Ben Haggerty (Macklemore) is famous for his album The Heist (produced by Ryan Lewis), which was on the Billboard charts and ranked first on iTunes back in 2012. The Seattle rapper is often praised for advocating equality and expressing his opinions on sensitive issues regarding minorities. Aside from his music supporting LGBT rights called “Same Love”, he opened up to discuss about his racial identity and the effects it had on his career during an interview with Rolling Stone.
As a White man in hip-hop, he admitted that he has benefited from “white privilege”, and would not have been as successful he were Black. He talked about how he was able to receive attention from the media and how his music like “Thrift Shop” could have a wide range of audiences because of his race. “And even though I’m cussing my ass off in the song, the fact that I’m a white guy, parents feel safe. They let their six-year-olds listen to it” (Rolling Stone, 2013).
Exaggeration or not, his statements seem accurate enough to reflect our current societal view on race. Although there are many successful musicians of color throughout the world, their music is not always as appreciated by the majority. A rapper named J. Cole’s “Crooked Smile” actually has a line that reads, “If my skin pale, would I then sell like Eminem or Adele?” This line, coupled with Macklemore’s interview on how parents even feel safe letting their kids listen to Macklemore swear, tells us that racism is still an issue in current society.
However, most people find it easier to believe that we are all treated equally and racism is no longer an issue. For those who are not very supportive of people of color — or just racists to make things more clear — it would be much easier to say, “It’s not that I don’t like Black music. I simply do not prefer the hip-hop genre in general, whatever race is involved,” than to accept, “I like Macklemore and Eminem but not J. Cole or any other African-American rappers because I feel safer listening to White people rap.”
If color did not matter and if all men were created equal, why is it that some or most people feel safer listening to a White rapper? Is it because words are softer and less provocative? If so, is Macklemore’s “Thrift Shop” just an exception? The artist himself admitted that his music was a hit because people felt safer listening to a White person swear. Macklemore should not be criticized for making an honest statement. It simply tells us that we have too many negative stereotypes towards people of color that we like to ignore and blame on others who actually dare admit those honest facts.

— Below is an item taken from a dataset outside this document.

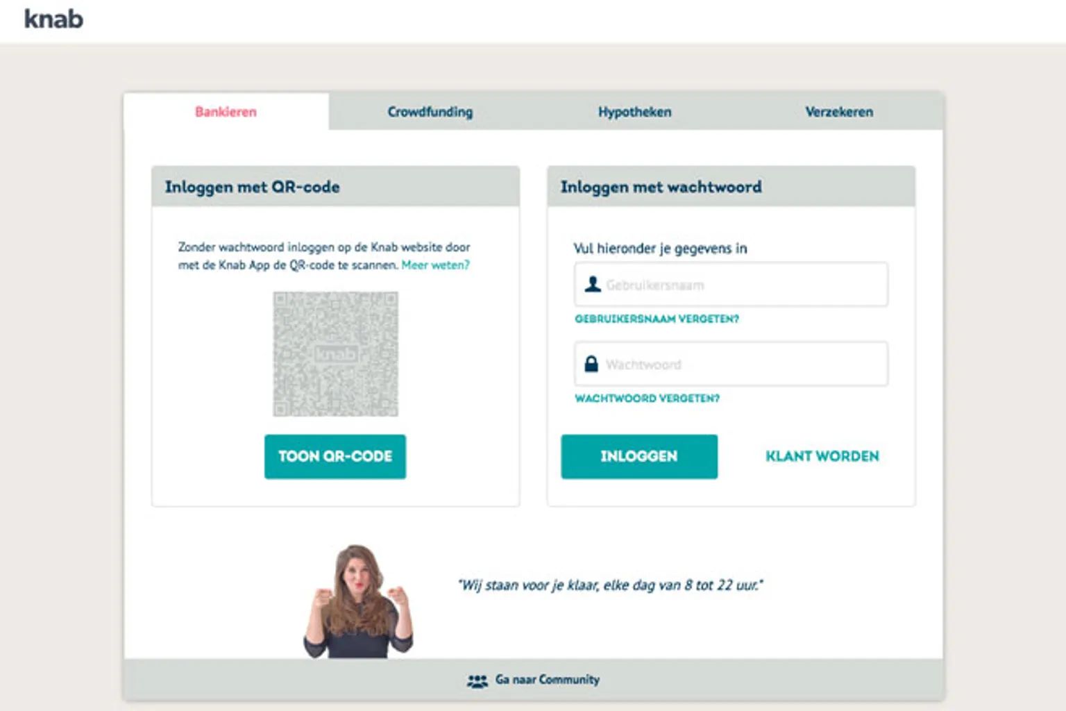 Als je toch op de link geklikt hebt, kom je op een website waarop je moet inloggen met je gebruikersnaam of een QR-code. Vul je gegevens niet in! De website lijkt enorm veel op de website van Knab en heeft zelfs een kopje over veilig inloggen.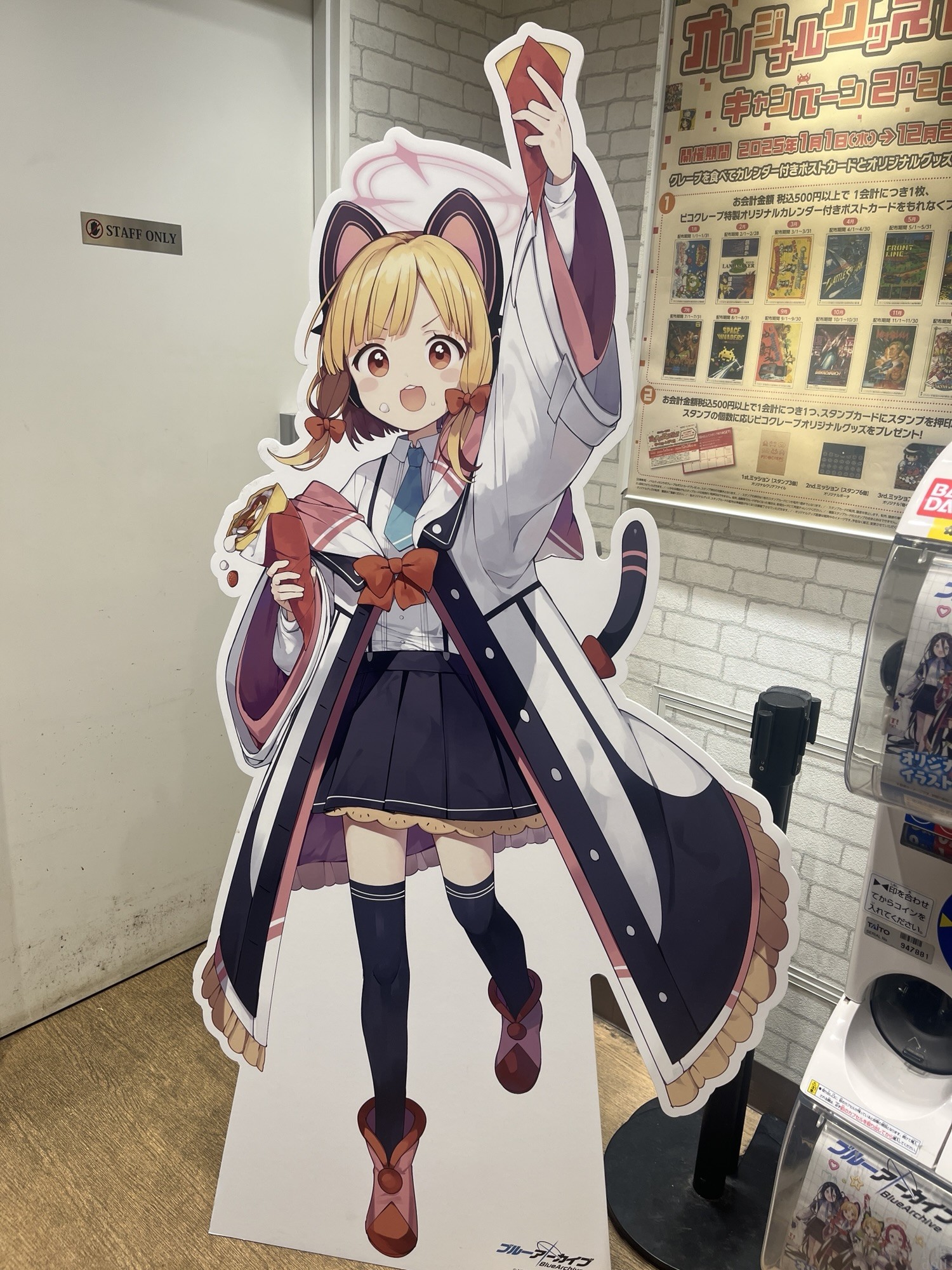 時間の都合で退散したのですが、地下一階にブルアカコーナーがあったようで残念! こちらは帰りに見かけたミドモモ。ブルアカ、旬ですねえ。

The focus should not be on Haggerty admitting that white privilege contributed to his success. The point Haggerty attempted to make in his interview with Rolling Stone was to show that some are more privileged than others from birth. He did make some dangerous comments like, “And would that success have been the same if I would have been a black dude? I think the answer is no”, but this is more honest than dangerous. This is the reality with race.